*** Begin section ***

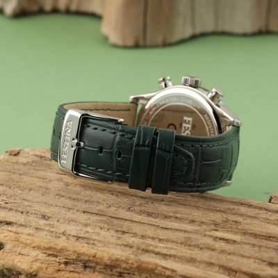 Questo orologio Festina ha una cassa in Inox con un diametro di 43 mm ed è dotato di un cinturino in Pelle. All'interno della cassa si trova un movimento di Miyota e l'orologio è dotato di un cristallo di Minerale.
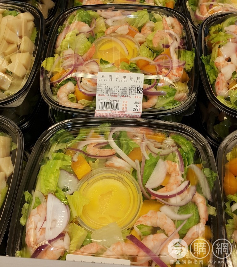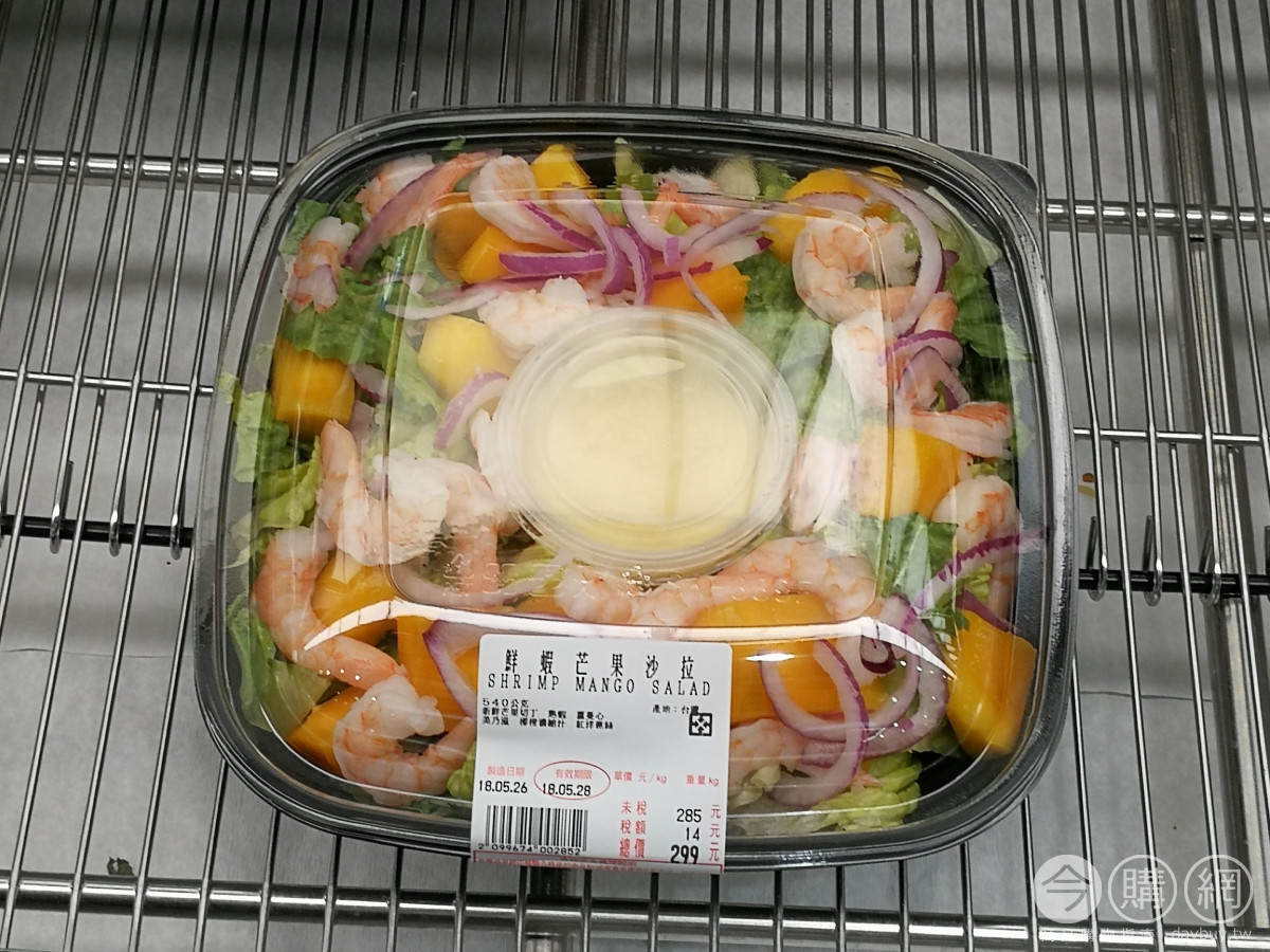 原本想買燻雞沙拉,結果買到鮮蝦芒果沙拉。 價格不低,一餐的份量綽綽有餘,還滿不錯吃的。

*** End section ***
*** Begin section ***

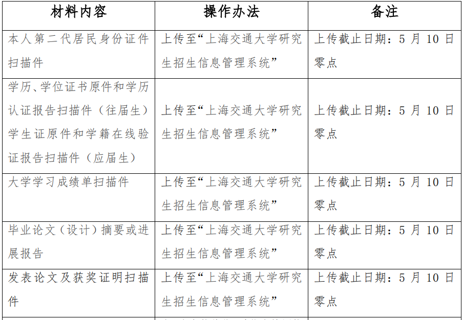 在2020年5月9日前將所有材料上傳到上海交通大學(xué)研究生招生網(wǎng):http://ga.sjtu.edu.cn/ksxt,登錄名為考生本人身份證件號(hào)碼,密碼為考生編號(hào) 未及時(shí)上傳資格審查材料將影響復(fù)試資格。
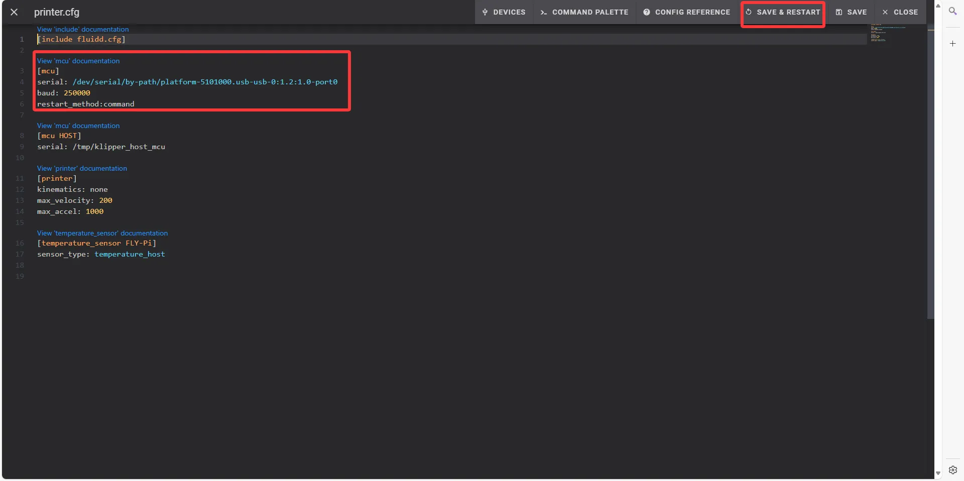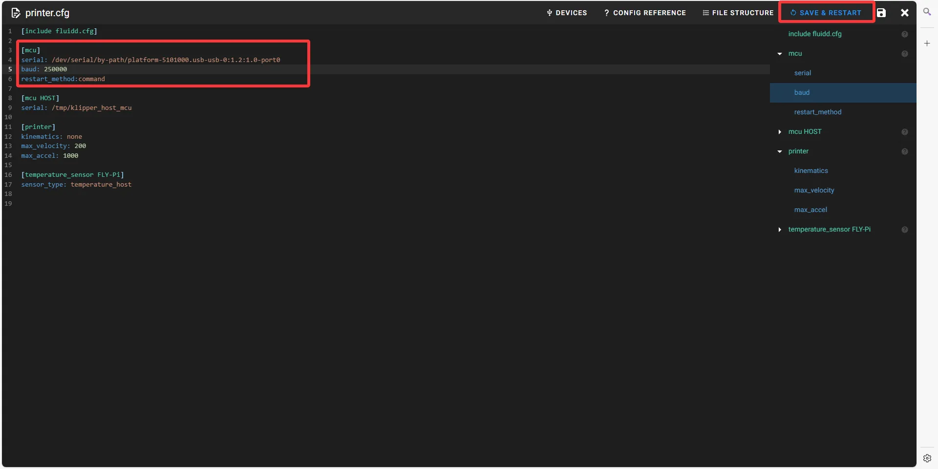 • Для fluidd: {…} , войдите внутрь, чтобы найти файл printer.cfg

*** End section ***
*** Begin section ***

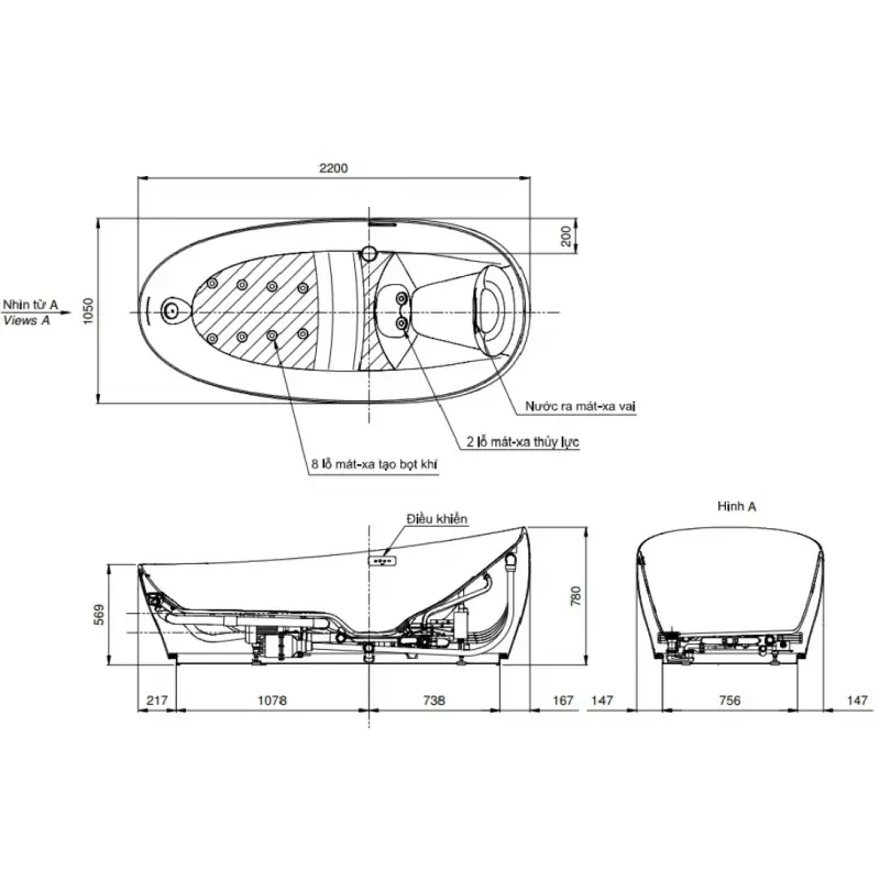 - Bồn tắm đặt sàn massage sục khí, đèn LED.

*** End section ***

#### Exercise requirements:
Return the lines above from the one with "在2020年5月9日前將所有" through the one with "найти файл printer.cfg", verbatim and nothing else. Omit every picture.

#### Response for this exercise:
 在2020年5月9日前將所有材料上傳到上海交通大學(xué)研究生招生網(wǎng):http://ga.sjtu.edu.cn/ksxt,登錄名為考生本人身份證件號(hào)碼,密碼為考生編號(hào) 未及時(shí)上傳資格審查材料將影響復(fù)試資格。
 • Для fluidd: {…} , войдите внутрь, чтобы найти файл printer.cfg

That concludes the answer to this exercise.